# TiVo bolt renewed- quality question



## OrangeTurtle (Jul 17, 2015)

I currently have a Roamio basic (can do cable or antenna) and have been quite satisfied ( no problems) as I bought it refurb 2 years ago during the summer sale.

I am considering the bolt refurb, not because I need it, but as a way of getting newer technology while still getting good value for selling my current one (so very minimal upgrade costs)- also having steam built in is nice.

I've done a ton of reading through the forum. My only concern with the change is an issue of possible quality issues with the bolt.

Can anyone hear speak to that through personal experience?

Was there a real fan issue? Has it been fixed? Is there an overheating issue?

If you owned a roamio before the bolt, do you fee like the bolt was more cheaply made?

I want to make the upgrade, just don't want to do it for a device that will likely give me a lot of frustration.

Appreciate any and all insight.


----------



## sfhub (Jan 6, 2007)

OrangeTurtle said:


> I've done a ton of reading through the forum. My only concern with the change is an issue of possible quality issues with the bolt.
> 
> Can anyone hear speak to that through personal experience?
> 
> ...


I have a S3 OLED, Roamio Pro, Roamio OTA, and Bolt.

IMO they will all last many years.

The S3 OLED is the best TiVo design they ever put out. The Roamio Pro is well made in the style of the old TiVo's, metal casing, solid feel, well-secured connectors. Roamio OTA and Bolt both feel more cheaply made, plastic, breakout cables. Bolt feels more solid than Roamio OTA, but has an odd wave-life shape.

Bolt units are hit or miss with fan noise. It usually isn't the fan itself or the air flow making the major noise. There is some slight pulsing electrical buzzing likely from the PWM fan speed control mechanism. On some units it is not that noticeable after 3ft. On other units you can hear it in your normal viewing location. If you power the fan off the USB port the buzzing noise goes away.

I wouldn't worry about quality issues, if you get one with bad fan buzzing, call TiVo and get it replaced within the 30-day period.

A couple of things about the Bolts, they use 2.5" hard drives and the selection of hard drives that work is more limited. There are no analog video outputs, only HDMI video.


----------



## OrangeTurtle (Jul 17, 2015)

Thank you for the feedback. I'm still on the fence. 
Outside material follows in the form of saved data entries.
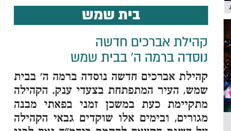
מעמד המסכים בבניין האומה בהשתתפות אלפי בני הישיבות הקה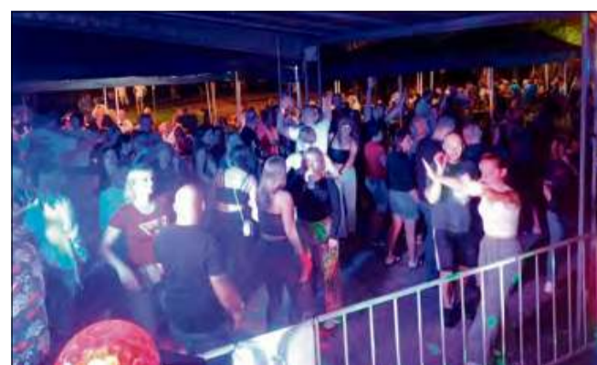
Ci, którzy zdecydowali się przyjść, mogli doświadczyć wyjątkowej atmosfery.

uczestników. Ci, którzy zdecydowali się przyjść, mogli doświadczyć wyjątkowej atmosfery, a ci, którzy opuścili to wydarzenie, z pewnością mają teraz powody do żalu.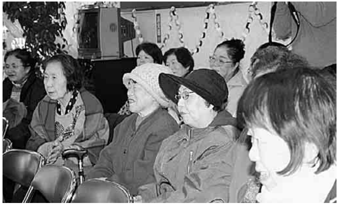
安心してかけられる医療制度に(本文とは直接関係ありません)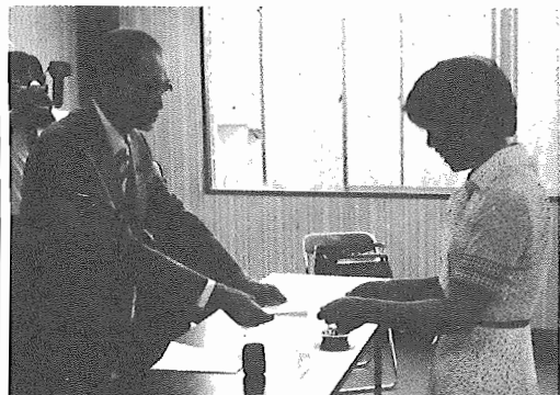
●市長に報告書を手渡す消費生活市民委員会の代表者

消費生活市民委員会は、昨年の七月に発足し、一年間の活動をすまてまいりました。このほど第一期の結果がまとまり、去る六月三十日、湖北市民センターで、報告書を添え市長に報告されました。この会は、消費生活行政の基本姿勢や当面重視の必要がある事項として、消費者の権利確立、消費者啓発と教育事業、調査と検査体制、過剰包装とゴミ問題及び合成洗剤などの問題を取り上げ一年間の検討を経験したものです。この報告書によると、行政に就いて大切なことは、被害が発生してから事後処理ではなく、予見予防的対応が必要である。消費者啓発、教育は、人間的開発、形成をめざすものであり、「安全な街あびこ」が多数を占めた時、消費生活が真に豊かになると報告して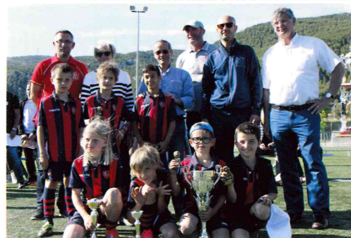
La remise des récompenses a fait la joie des petits et des grands, beau moment d'émotion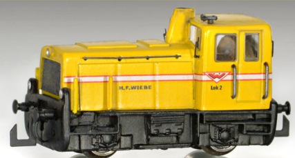
Bauzug- und Rangier-Kleinlok "WIEBE"

Etliche der bis heute noch zahlreich verbliebenen Loks sind bei div. Privat- und Werksbahnen im Einsatz, z.B. im ÖBB Eisenbahnmuseum Strasshof (2060.04 im Ursprungszustand), bei der Österreichischen Gesellschaft für Eisenbahngeschichte.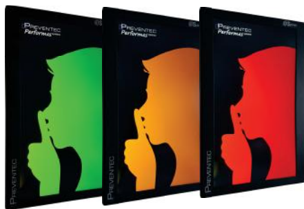
Acceptable Préoccupant premier seuil Trop élevé deuxième seuil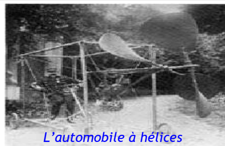
L'automobile à hélices

A une époque où les expériences des hommes volants provoquaient la risée générale, il s'intéressa passionnément aux tentatives de Lilienthal, et, le 30 septembre 1899, sur un planeur de 8 mètres de surface, il se lançait d'un sommet des environs de Genève.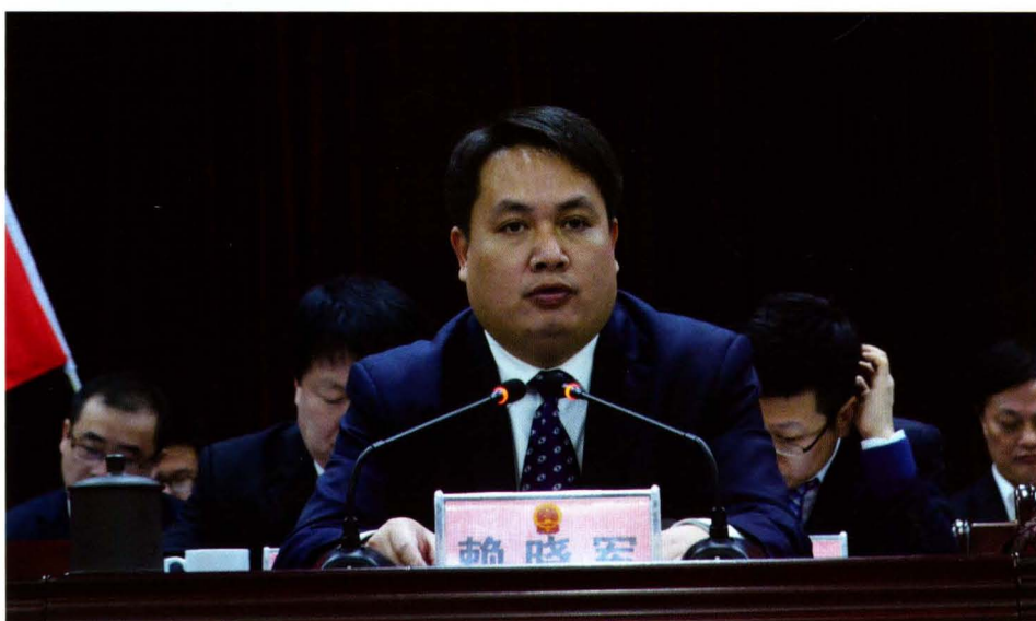
兴记县人会议 共书在届大会 中委军七表次 县晓十代六 国赖第民第 上讲话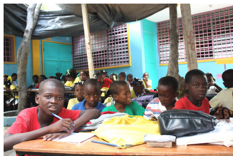
Kinderen op de Bresmaschool

Leaning towards playing it safe, which is just sending the Bolt back when it arrives as my Roamio Basic is still working well- and as you mentioned I can upgrade the hard drive easier (planning to do it later this summer).

I do like the idea of upgrading to the new system for about $100, but am still concerned about user satisfaction of the Bolt and would also be more limited on hard drive upgrades (as you mentioned).

Anyone else willing to weigh in?


----------



## sfhub (Jan 6, 2007)

OrangeTurtle said:


> Leaning towards playing it safe, which is just sending the Bolt back when it arrives as my Roamio Basic is still working well- and as you mentioned I can upgrade the hard drive easier (planning to do it later this summer).
> 
> I do like the idea of upgrading to the new system for about $100, but am still concerned about user satisfaction of the Bolt and would also be more limited on hard drive upgrades (as you mentioned).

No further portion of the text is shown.